10 Ways to Go From Student Digs to Living Like a Real Person.


the young ones

1)  Keep houseplants.

My family have always brought plants inside, even when we were surrounded by the Australian bush, Pacific jungle, and British countryside. The idea of living in the city without at least a few house plants therefore seems like a living death to me, and guests are always drawn to them (former flatmates have not been, but if the plants go I go, so they’ve had to lump it). That said, I don’t really have the faintest clue how to look after them aside from each plants’ light and water preferences (by that I mean quantity and regularity of water; I’m not discerning between tap, bottled and carbonated), and this is more a trial and error process. I feel slightly guilty throwing a dead plant away, but my plants need to fend for themselves.

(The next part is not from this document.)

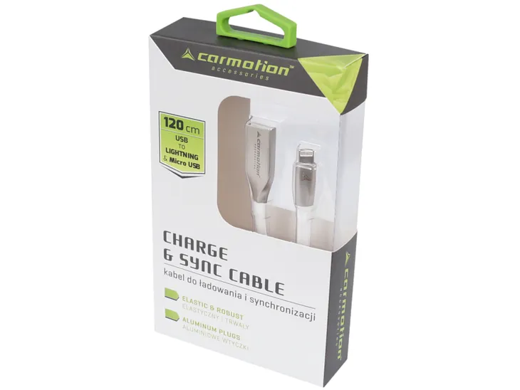 Kabel zakończony wtyczkami typu USB i Lightning / microUSB, może służyć zarówno do ładowania telefonów i tabletów, jak i do synchronizacji.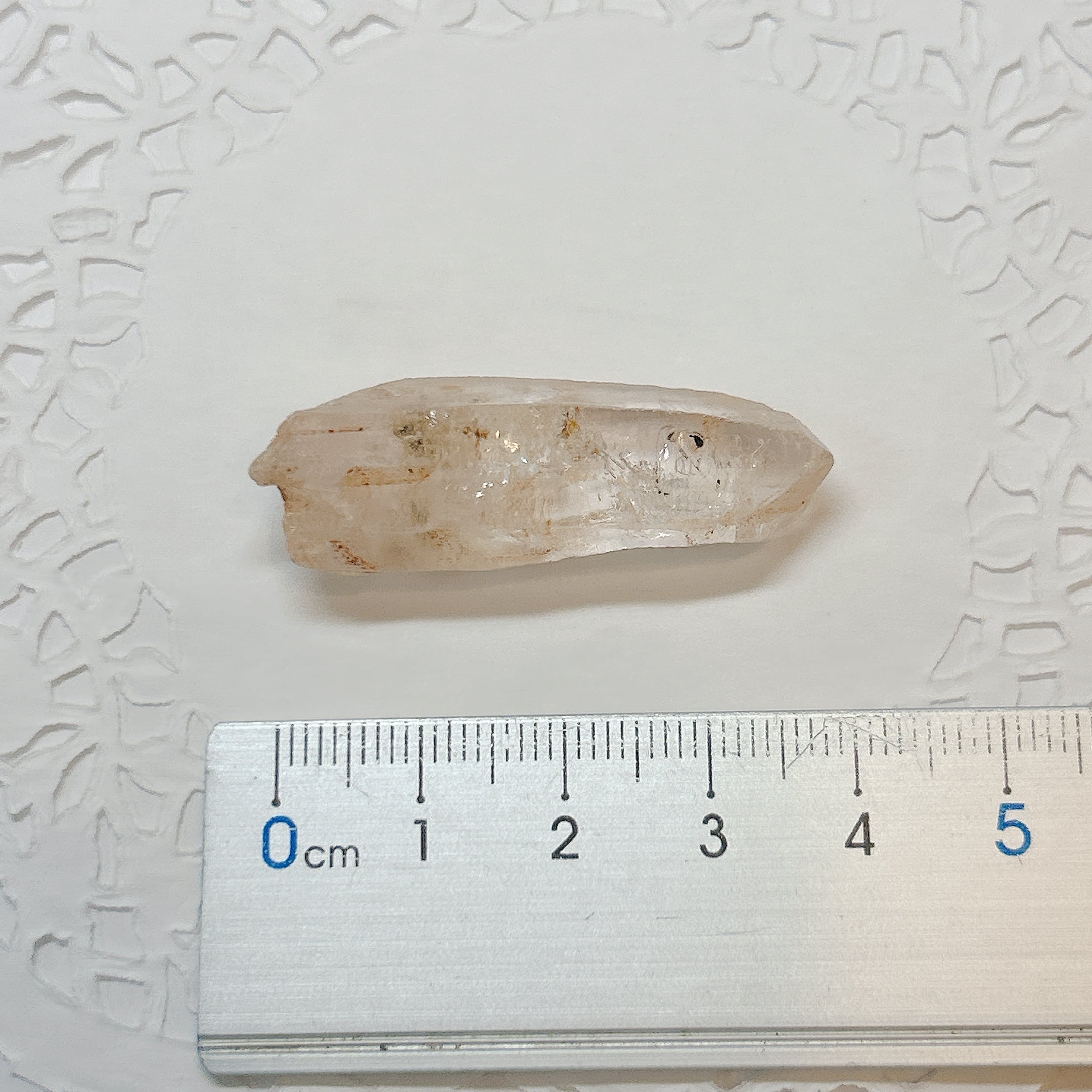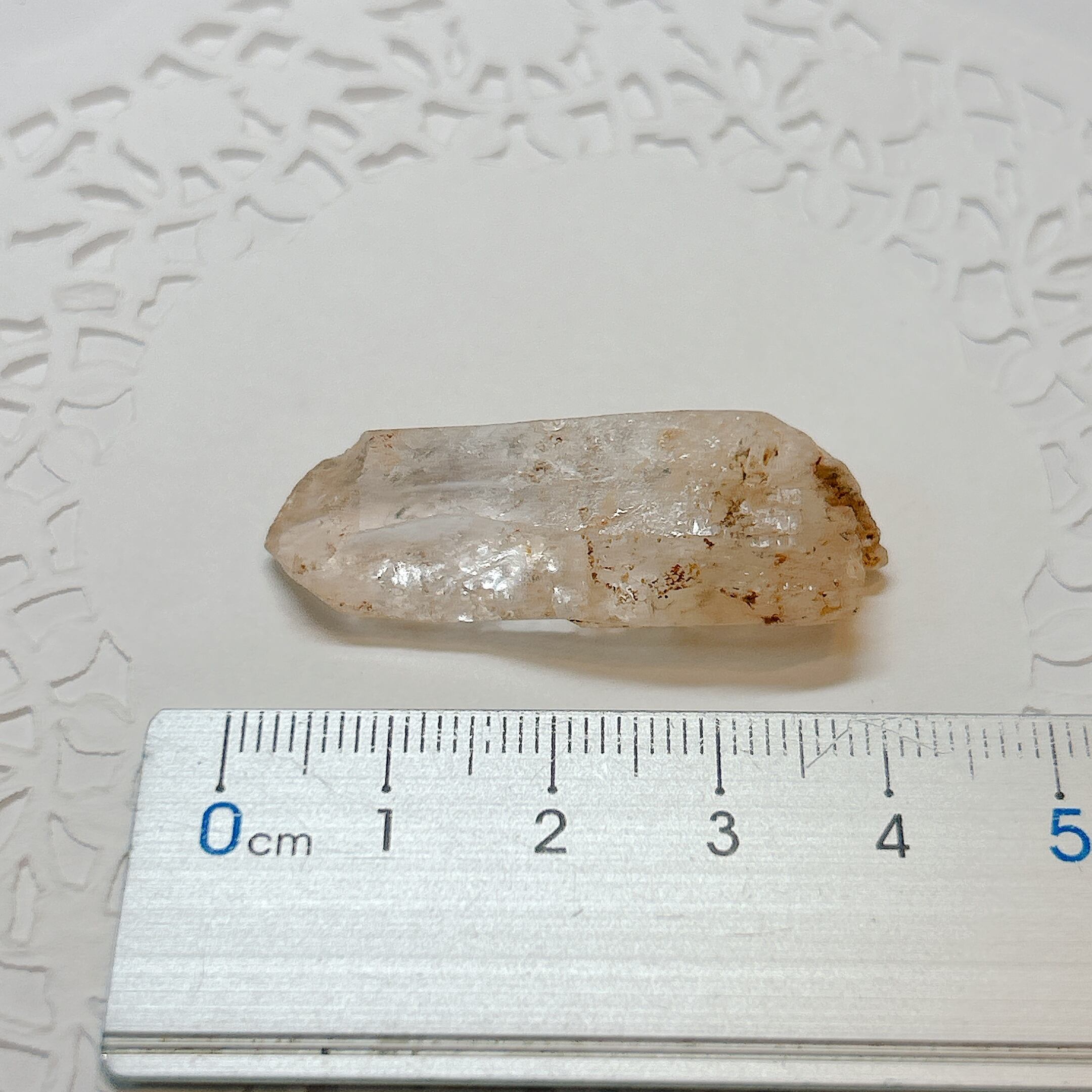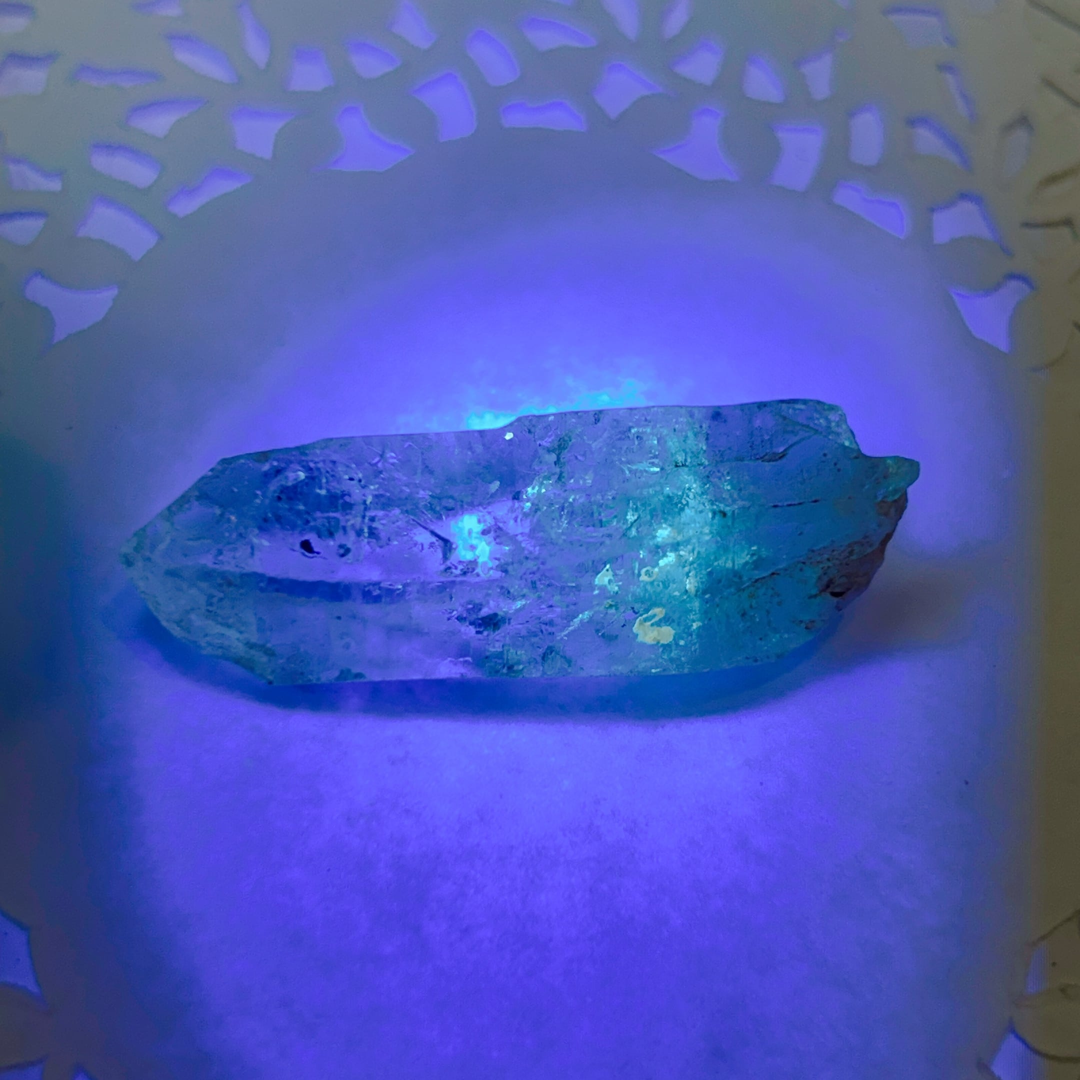 長波紫外線ライトを照射する事により、黄色や青白く蛍光します。2023年にマダガスカルで水晶の品質がよく、蛍光も非常によくわかる良品が発見されました。

Orchids flower for ages, and are otherwise easy to care for aside from a few nonsensical rules (they like to be in clear plastic pots, and to be watered ‘from beneath’. Which sounds like some sort of weird fetish I know. I don’t like clear plastic pots though, and have better things to do than stick them in the bath every week, so my orchids just have to make do. They punish me for my lack of care by refusing to flower regularly, but they do so grudgingly every couple of years which is sufficient to save them from the rubbish bin).

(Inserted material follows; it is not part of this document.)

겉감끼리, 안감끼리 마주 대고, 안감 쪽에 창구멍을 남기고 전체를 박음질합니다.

Spiderplants are great as they are easy to look after, and can recover quickly from the occasional drought. For something a bit more impressive, Rubber-plants can get big if you look after them properly, and need very little maintenance.

Ferns are also lovely but need the right level of shade/ light, and struggle to recover from dry spells (when, er, someone forgets to water them for a while).

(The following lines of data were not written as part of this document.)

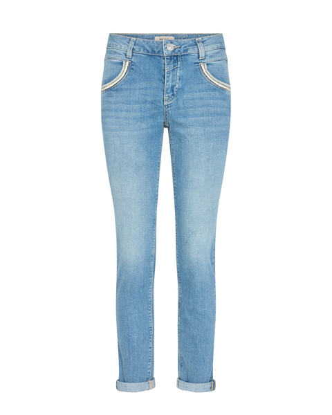 Snygg jeans tillverkade av bomull och designade i en vanlig passform med hög/midja. Flätad dekoration på fickorna och ett lädermärke på baksidan.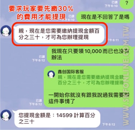 結果沒多久開始洗腦我參加積分賽,一次叫我投注30萬,催促我加本金,但我真的不想,我跟天菜說再讓我多熟悉遊戲再加本金,所以天菜凹不過我叫我趕快去領錢到虛擬帳戶,我就去找客服說要領錢,結果客服跟我說要繳30%稅金才能領錢,於是與他們客服吵了起來,因為根本不合理,跟我說第一次要繳稅就又不用,我又不白痴,有國家稅金只繳一次的嗎?最後,客服知道吵不過我,就關閉了我的帳戶,他們以為我被他們騙了,因為我前前後後總共賺了8萬5,但我其實先已經把一部分錢領出來,根本沒有賠,我還反詐騙了詐騙黑網博弈!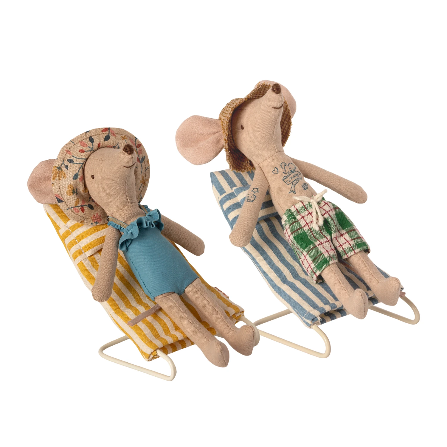 Vacation time. Bring these lovely striped beach chairs to the beach, and you will always have a perfect seat for your mice. One is yellow and white striped and the other, blue and white striped. Both have a built in head cushion so your mice can relax under the sun and have the perfect day.

They also attract these, so beware.

 2)      Hang framed pictures on your walls, rather than blu-tacking posters to them.

The transience of posters does not shout out Grown Up, which is sort of what you’re after from a home rather than a den. Or squat. Landlords hate blu-tack, but are surprisingly amenable to picture hooks. I always ask estate agents if we can hang pictures, and they always say yes. Even if your landlord wanted their walls pristine, the agent’s acquiescence cannot be reneged upon. Buy second-hand picture frames in antique shops, or have frames made for specific pieces if this proves difficult, and even postcards and posters are turned into a piece of Art worthy of Display. Hang pictures that inspire you, or that have a story behind them.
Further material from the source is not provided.